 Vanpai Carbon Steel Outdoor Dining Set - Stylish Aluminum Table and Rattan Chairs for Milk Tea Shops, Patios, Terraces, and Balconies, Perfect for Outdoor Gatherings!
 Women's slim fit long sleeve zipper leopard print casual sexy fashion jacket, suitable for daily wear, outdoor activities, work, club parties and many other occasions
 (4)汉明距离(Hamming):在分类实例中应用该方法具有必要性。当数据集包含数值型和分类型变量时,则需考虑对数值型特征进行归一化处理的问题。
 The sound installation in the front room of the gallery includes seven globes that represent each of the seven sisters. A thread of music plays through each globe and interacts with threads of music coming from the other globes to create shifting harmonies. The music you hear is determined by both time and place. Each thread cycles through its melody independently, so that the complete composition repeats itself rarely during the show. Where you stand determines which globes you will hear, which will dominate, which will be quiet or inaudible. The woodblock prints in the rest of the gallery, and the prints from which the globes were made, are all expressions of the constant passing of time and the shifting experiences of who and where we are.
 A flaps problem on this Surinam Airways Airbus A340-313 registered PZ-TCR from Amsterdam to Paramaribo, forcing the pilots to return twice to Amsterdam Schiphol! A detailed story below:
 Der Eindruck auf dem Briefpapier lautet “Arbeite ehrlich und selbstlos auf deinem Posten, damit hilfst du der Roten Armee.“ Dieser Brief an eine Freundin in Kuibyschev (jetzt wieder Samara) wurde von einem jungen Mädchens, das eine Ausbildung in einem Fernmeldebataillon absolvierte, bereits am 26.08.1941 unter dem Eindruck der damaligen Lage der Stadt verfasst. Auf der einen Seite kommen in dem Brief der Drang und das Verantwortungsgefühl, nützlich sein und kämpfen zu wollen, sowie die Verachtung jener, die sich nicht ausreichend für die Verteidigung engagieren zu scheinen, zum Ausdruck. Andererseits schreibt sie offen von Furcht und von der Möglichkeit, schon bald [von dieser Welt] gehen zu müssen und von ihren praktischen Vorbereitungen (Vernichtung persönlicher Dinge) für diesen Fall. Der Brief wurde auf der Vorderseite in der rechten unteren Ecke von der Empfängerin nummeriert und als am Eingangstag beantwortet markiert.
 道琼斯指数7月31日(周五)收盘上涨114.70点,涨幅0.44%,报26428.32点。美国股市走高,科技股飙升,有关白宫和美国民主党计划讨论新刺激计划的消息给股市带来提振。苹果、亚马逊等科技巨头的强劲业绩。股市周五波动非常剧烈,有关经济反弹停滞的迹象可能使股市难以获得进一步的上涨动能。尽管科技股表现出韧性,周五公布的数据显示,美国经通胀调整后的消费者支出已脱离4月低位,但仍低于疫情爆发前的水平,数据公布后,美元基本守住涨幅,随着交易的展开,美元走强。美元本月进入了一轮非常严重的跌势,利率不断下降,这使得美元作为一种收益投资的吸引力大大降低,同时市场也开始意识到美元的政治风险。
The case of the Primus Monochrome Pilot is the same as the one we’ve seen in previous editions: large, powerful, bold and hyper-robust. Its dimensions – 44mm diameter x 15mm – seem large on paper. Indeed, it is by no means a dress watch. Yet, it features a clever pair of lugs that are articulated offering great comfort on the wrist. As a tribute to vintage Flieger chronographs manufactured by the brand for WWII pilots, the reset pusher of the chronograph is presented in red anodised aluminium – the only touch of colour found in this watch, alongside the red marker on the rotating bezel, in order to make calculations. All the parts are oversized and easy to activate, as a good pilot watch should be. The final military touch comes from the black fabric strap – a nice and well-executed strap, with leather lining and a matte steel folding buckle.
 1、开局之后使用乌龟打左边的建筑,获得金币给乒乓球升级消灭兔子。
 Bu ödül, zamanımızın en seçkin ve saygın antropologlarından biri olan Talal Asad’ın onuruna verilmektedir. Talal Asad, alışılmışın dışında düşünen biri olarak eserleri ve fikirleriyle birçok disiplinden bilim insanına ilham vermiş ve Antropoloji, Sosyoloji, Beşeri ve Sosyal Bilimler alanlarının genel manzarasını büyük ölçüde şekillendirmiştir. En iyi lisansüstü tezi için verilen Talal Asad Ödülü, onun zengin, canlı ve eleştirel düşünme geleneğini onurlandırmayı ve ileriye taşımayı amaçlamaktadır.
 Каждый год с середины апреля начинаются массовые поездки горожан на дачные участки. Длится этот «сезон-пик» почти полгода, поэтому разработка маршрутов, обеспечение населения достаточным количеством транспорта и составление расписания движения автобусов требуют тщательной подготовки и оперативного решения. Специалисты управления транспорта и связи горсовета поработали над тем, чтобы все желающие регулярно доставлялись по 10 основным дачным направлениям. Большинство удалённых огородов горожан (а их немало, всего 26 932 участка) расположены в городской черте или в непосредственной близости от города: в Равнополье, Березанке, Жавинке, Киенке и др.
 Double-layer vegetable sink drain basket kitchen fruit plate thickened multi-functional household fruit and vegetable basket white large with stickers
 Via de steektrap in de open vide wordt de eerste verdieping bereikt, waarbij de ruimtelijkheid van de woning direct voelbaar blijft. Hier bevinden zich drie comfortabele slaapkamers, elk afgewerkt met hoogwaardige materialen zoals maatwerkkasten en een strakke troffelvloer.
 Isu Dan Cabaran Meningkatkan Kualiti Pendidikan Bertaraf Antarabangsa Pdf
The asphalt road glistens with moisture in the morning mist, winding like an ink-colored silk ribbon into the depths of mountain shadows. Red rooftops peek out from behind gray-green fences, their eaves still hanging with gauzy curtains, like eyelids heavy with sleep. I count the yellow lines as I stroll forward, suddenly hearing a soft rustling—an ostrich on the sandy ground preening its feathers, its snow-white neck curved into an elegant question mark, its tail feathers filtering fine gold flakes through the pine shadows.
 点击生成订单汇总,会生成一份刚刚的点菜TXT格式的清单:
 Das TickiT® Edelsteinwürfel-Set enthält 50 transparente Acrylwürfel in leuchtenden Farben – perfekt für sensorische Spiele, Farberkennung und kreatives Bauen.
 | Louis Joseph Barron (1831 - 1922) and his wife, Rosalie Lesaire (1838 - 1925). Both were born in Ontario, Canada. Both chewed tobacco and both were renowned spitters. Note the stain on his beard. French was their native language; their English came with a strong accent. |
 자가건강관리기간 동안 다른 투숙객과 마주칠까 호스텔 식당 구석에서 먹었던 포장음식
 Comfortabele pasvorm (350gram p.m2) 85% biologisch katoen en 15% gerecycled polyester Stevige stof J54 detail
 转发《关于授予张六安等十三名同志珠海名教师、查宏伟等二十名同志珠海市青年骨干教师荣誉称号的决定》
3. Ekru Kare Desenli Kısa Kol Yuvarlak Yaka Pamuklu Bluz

-.-.-

Only one span of lines is wanted: the line with "转发《关于授予张六安等十三名" and every line after it to the end of the entries, output exactly.

 转发《关于授予张六安等十三名同志珠海名教师、查宏伟等二十名同志珠海市青年骨干教师荣誉称号的决定》
3. Ekru Kare Desenli Kısa Kol Yuvarlak Yaka Pamuklu Bluz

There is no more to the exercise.